2. Retention Payment Opportunity. In exchange for the Employee’s agreement to be bound under this Agreement, the Employer, or its successor, shall pay the Employee an amount equal to Sixty-Two Thousand and No/100 Dollars ($62,000.00) (the “Retention Payment”), which shall be paid to the Employee in a single lump sum payment in cash or cash equivalents, provided the Employee has satisfied the following conditions:
(a) the Employee has remained in the continuous employ of the Employer and any successor (i) throughout the Retention Period; or (ii) if earlier, through the effective date of any earlier involuntary Termination of Employment effected without Cause by the Employer, or its successor;
(b) the Employee has received periodic performance ratings of no less than “meets” expectations (or comparable rating under any successor performance grading system then employed by the Employer) for each performance period ending prior to the date that the Retention Payment would otherwise become payable;
(c) the Employee treats as confidential the fact of the existence of this Agreement and its terms and conditions; and
(d) in the event the Retention Payment becomes payable by reason of an involuntary Termination of Employment without Cause prior to the last day of the Retention Period, the Employee executes within such period of time following the Termination of Employment as is permitted by the Employer (and not timely revoke during any revocation period provided pursuant to such release) a release in the form provided by the Employer, which form shall be reasonable and consistent with customary practices in the banking industry. The Employer shall provide the release to the Employee in sufficient time so that if the Employee timely executes and returns the release, the revocation period will expire no later than sixty (60) days following the effective date of the Termination of Employment.

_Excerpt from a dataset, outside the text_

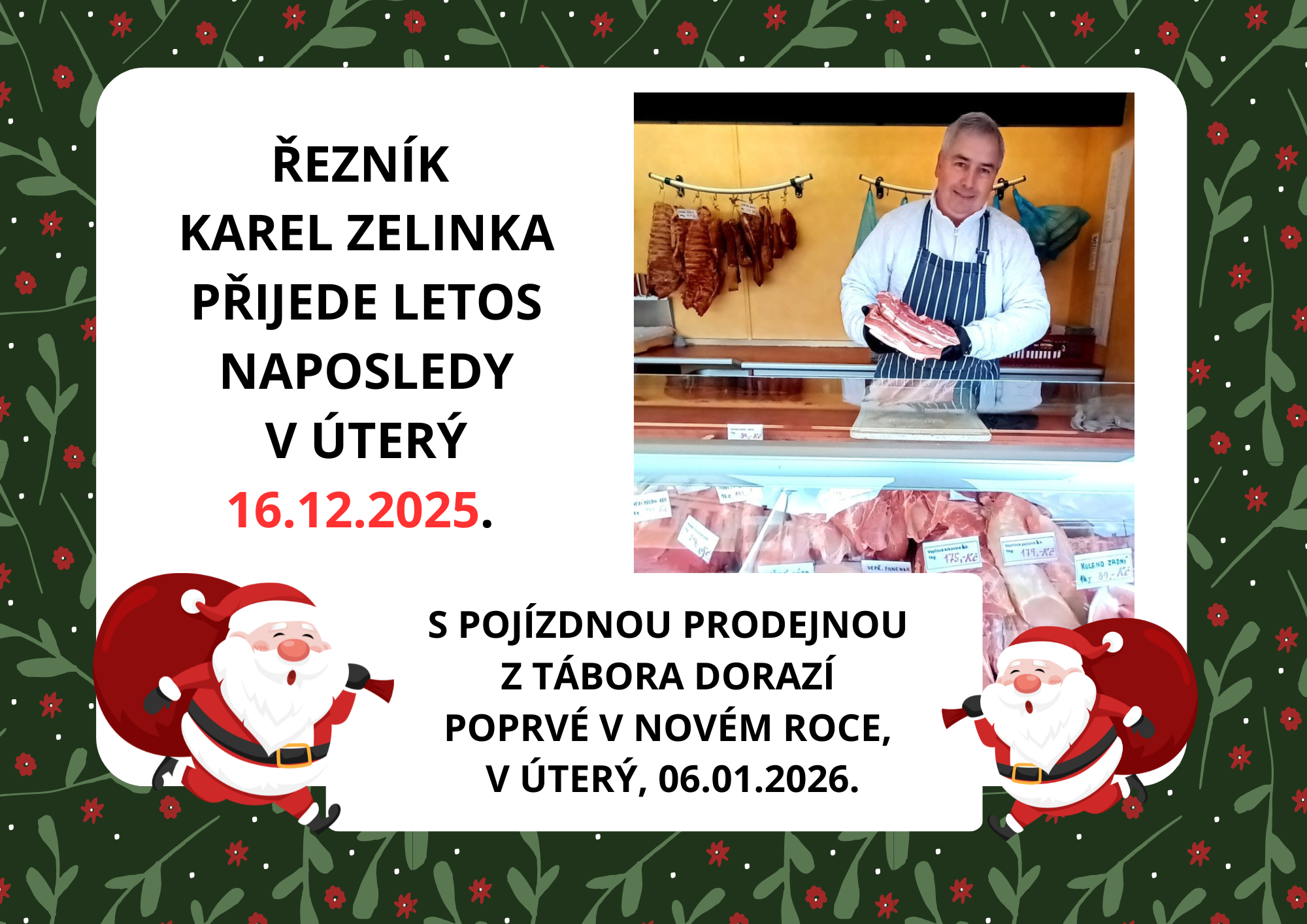 Řezník Karel Zelinka přijede, s pojízdnou prodejnou z Tábora, letos naposledy v úterý 16.12.2025. V Novém roce pak poprvé dorazí 6. ledna 2026.

If the Retention Payment becomes payable by reason of the Employee remaining in the continuous employment of the Employer through the last day of the Retention Period, the Retention Payment shall be made on the first regular pay date of the Employer, or its successor, following the last day of the Retention Period. If the Retention Payment becomes payable by reason of the Employee’s involuntary Termination of Employment without Cause prior to the last day of the Retention Period, the Retention Payment shall be made on the sixtieth (60th) day following the effective date of the Termination of Employment.

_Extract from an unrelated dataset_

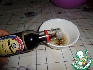 В чашку наливаем чесночное масло, добавляем чеснок, щепотку черного молотого перца и соевый соус. Хорошо перемешиваем.

In the event the Employee fails to satisfy any one or more of the foregoing conditions, the Employer shall be relieved of its obligation to pay the Retention Payment. For purposes of Clause (a)(ii) of this Section 2, other than an involuntary Termination of Employment without Cause, a Termination of Employment is a disqualifying event regardless of the reason for the termination, including a termination due to death or Disability.
3. Agreements Not to Disclose.
(a) The Employer considers the existence of this Agreement and its terms and conditions to be confidential information. If the Employer determines that the Employee has shared this information with others, other than the members of the Employee’s immediate family and legal and financial advisors, the Employee will forfeit the opportunity to receive the Retention Payment.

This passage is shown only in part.